Based on the data from these two reports, you can glean some very positive insights:

  • The students who are in the 40th percentile or lower in reading achievement in MAP Growth are in ZPD levels two and three in phonological awareness and phonics/word recognition in MAP Reading Fluency. This tells you that these students need support across all areas of reading, including strengthening their foundational skills. This will likely support growth in the other instructional areas, such as literary and informational text and vocabulary.
  • Some students in the MAP Growth reading quintile of 41st–60th percentile are already testing in oral reading in MAP Reading Fluency, while some are ready to secure foundational skills, like blending and segmenting or phonemic manipulation (ZPD levels three and four). Even when students start to demonstrate strength in these critical skills, you will continue to reinforce them.
  • There are no real surprises in student achievement when comparing data from these two reports. In other words, students who are testing in oral reading in MAP Reading Fluency are not in the lower quintiles in MAP Growth reading, or vice versa. This tells you that their development of these differing skills is comparable.
  • Based on MAP Reading Fluency data alone, you now know that about a quarter of your students are reading passages orally, which is the spring goal for all first graders. Differentiating instruction will be easier because there are fewer groupings of students across these foundational skill areas now.
  • As the science of reading and Scarborough’s Reading Rope tell us, students will need to secure language comprehension skills to successfully construct meaning while reading. Looking at the data in the Instructional Planning report, you notice there are big discrepancies between some students’ language comprehension scores (i.e., picture vocabulary and listening comprehension) and their phonological awareness and phonics skills development. While some students may be achieving in those domains now, struggling in language comprehension (e.g., vocabulary) will eventually hold them back from the goal of reading comprehension. The next step is to cross-reference these students’ percentile groupings to their reading achievement percentiles in the MAP Growth Class Profile report.

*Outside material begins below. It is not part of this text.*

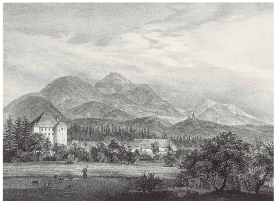 Napis: Ursolla Berg mit der Petzen und der Herrschaft Lechen bei Windisch Gratz – Uršlja gora s Peco in gospostvo Legen pri Slovenj Gradcu. Okoli 1845

Moving forward with confidence

Because your life as a first-grade teacher is jam packed each day, examining assessment data is something that may sometimes move to the bottom of your to-do list. But, after reviewing the data from both MAP Growth and MAP Reading Fluency on this snowy day in January, you feel more confident and also validated that your efforts in foundational skills instruction are working. Your first-graders are moving forward on their reading journey, and you are inspired to continue to guide them.

It’s time to head home for the day, and already you have ideas for tomorrow about ways to group your students while supporting them one at a time.